Problem

Given an array of characters, compress it in-place.

The length after compression must always be smaller than or equal to the original array.

Every element of the array should be a character (not int) of length 1.

After you are done modifying the input array in-place, return the new length of the array.

Follow up: Could you solve it using only O(1) extra space?

Example 1:

Input: [“a”,”a”,”b”,”b”,”c”,”c”,”c”]

Output: Return 6, and the first 6 characters of the input array should be: [“a”,”2”,”b”,”2”,”c”,”3”]

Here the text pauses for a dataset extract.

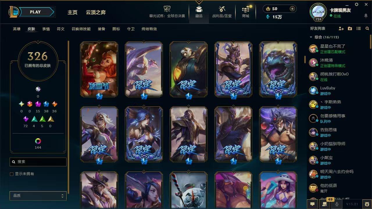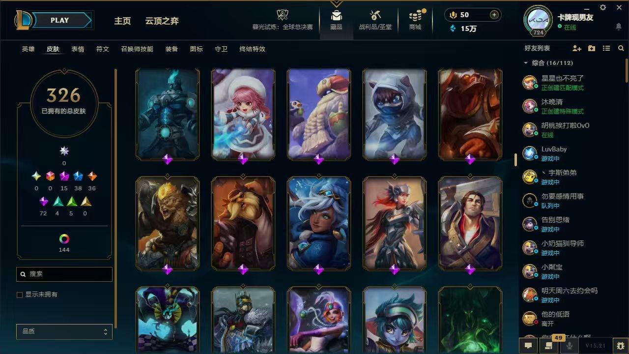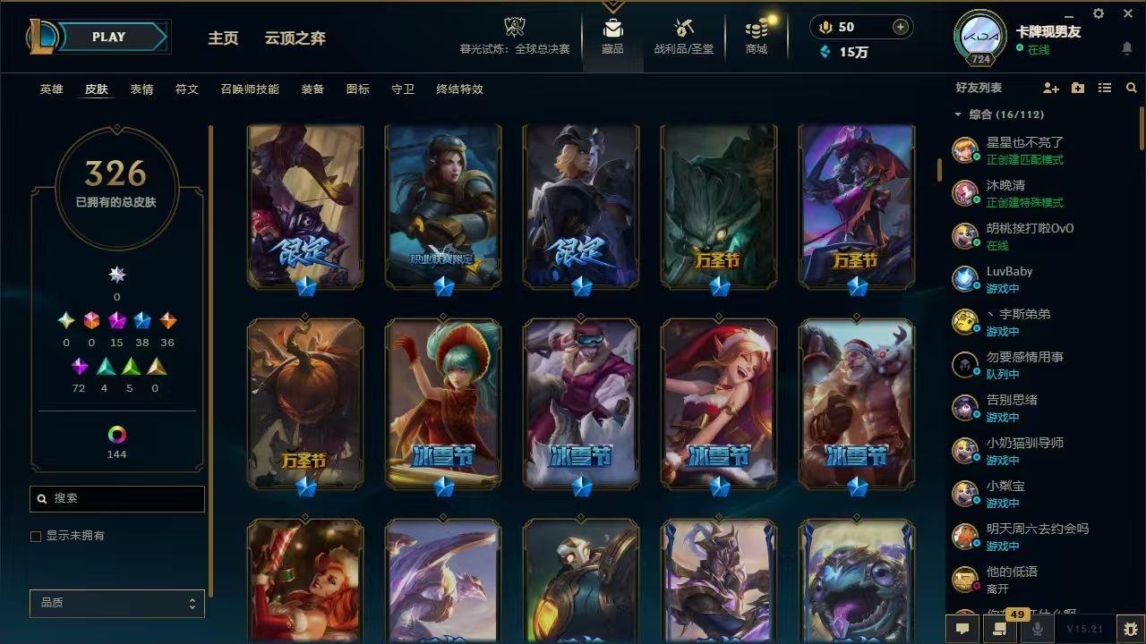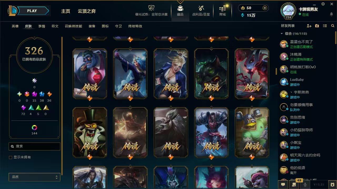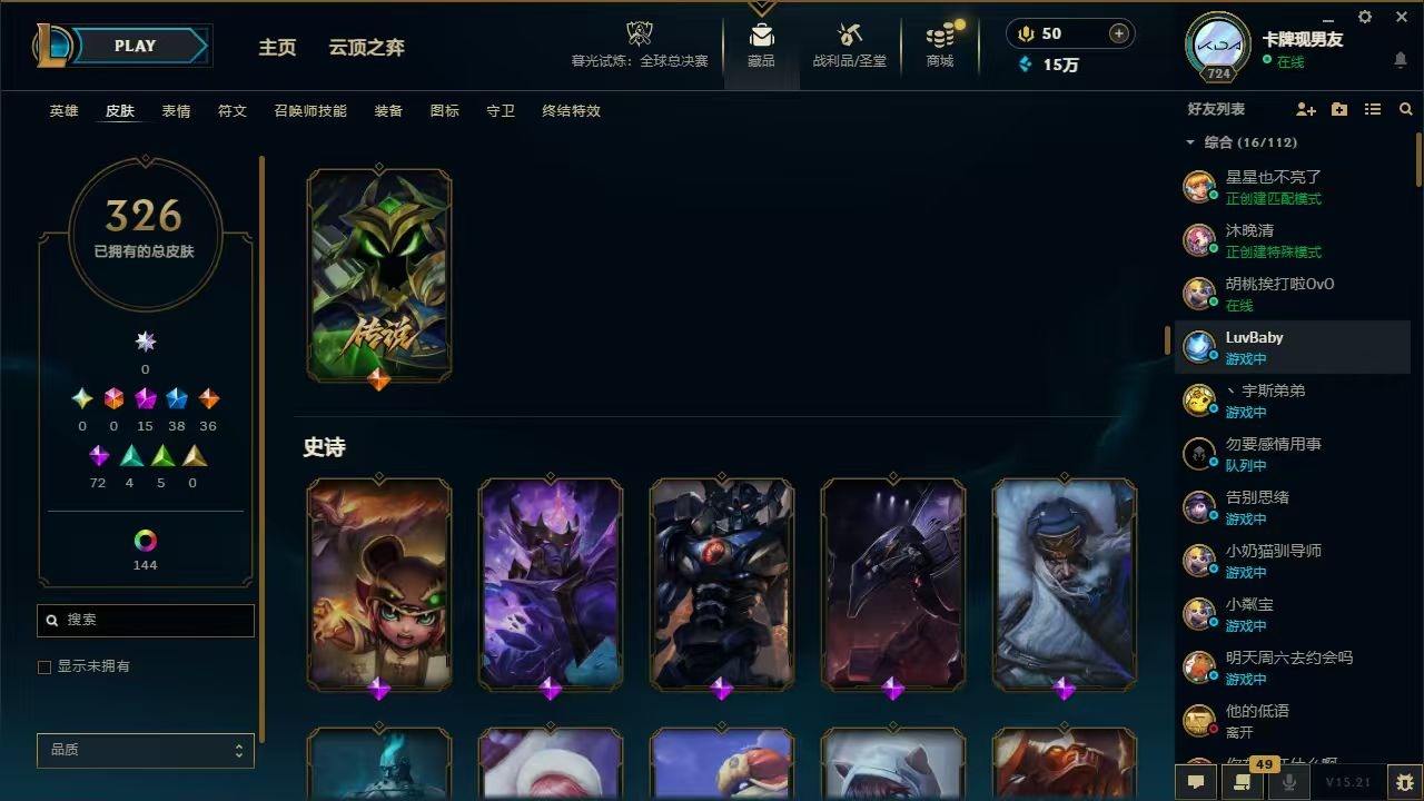 【11094617】[13283641]15神话 38限定 36传说 72史诗 326皮肤 182炫彩 171英雄 可二次 可修改实名 【至臻】:至臻 墨之影武者 亚索,至臻 暗星女王 黛安娜,至臻 K/DA 卡莎,至臻 玉剑传说 武剑仙,至臻 未来战士 锤石,至臻 未来战士 卢锡安,至臻 灵能特工 伊泽瑞尔,至臻 神凰行者 烈羽焰凰 霞,至臻 西部魔影 泰隆【海克斯】:海克斯 吉格斯,海克斯
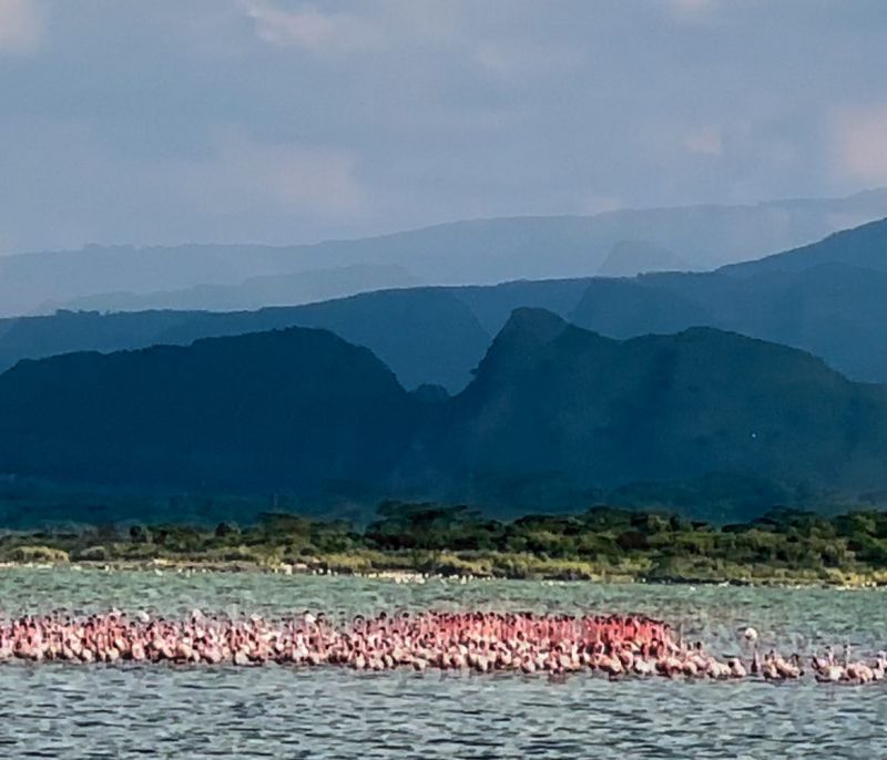 火烈鳥將湖岸染上鮮紅色彩,湖中還棲息其它鳥類

Explanation: “aa” is replaced by “a2”. “bb” is replaced by “b2”. “ccc” is replaced by “c3”.

Example 2:

Input: [“a”]

Output: Return 1, and the first 1 characters of the input array should be: [“a”]

Explanation: Nothing is replaced.

Example 3:

Input: [“a”,”b”,”b”,”b”,”b”,”b”,”b”,”b”,”b”,”b”,”b”,”b”,”b”]

Output: Return 4, and the first 4 characters of the input array should be: [“a”,”b”,”1”,”2”].

Explanation: Since the character “a” does not repeat, it is not compressed. “bbbbbbbbbbbb” is replaced by “b12”. Notice each digit has it’s own entry in the array.

Note:

All characters have an ASCII value in [35, 126]. 1 <= len(chars) <= 1000.

Pre analysis

Will keep a string with this logic and return array contents with string contents

Post analysis

This is one of dumbest solution proposed by me.

Another solution

    var compress = function(chars) {
        let endIndex = chars.length-1;
        while(endIndex>-1){
            let startIndex = endIndex-1;
            while(startIndex>-1 && chars[startIndex] === chars[endIndex]){
                startIndex--;
            }
            let count = endIndex-startIndex;
            if(count>1){
                chars.splice(startIndex+2,count-1,...(''+count));
            }

            endIndex = startIndex;
        }

        return chars.length;
    };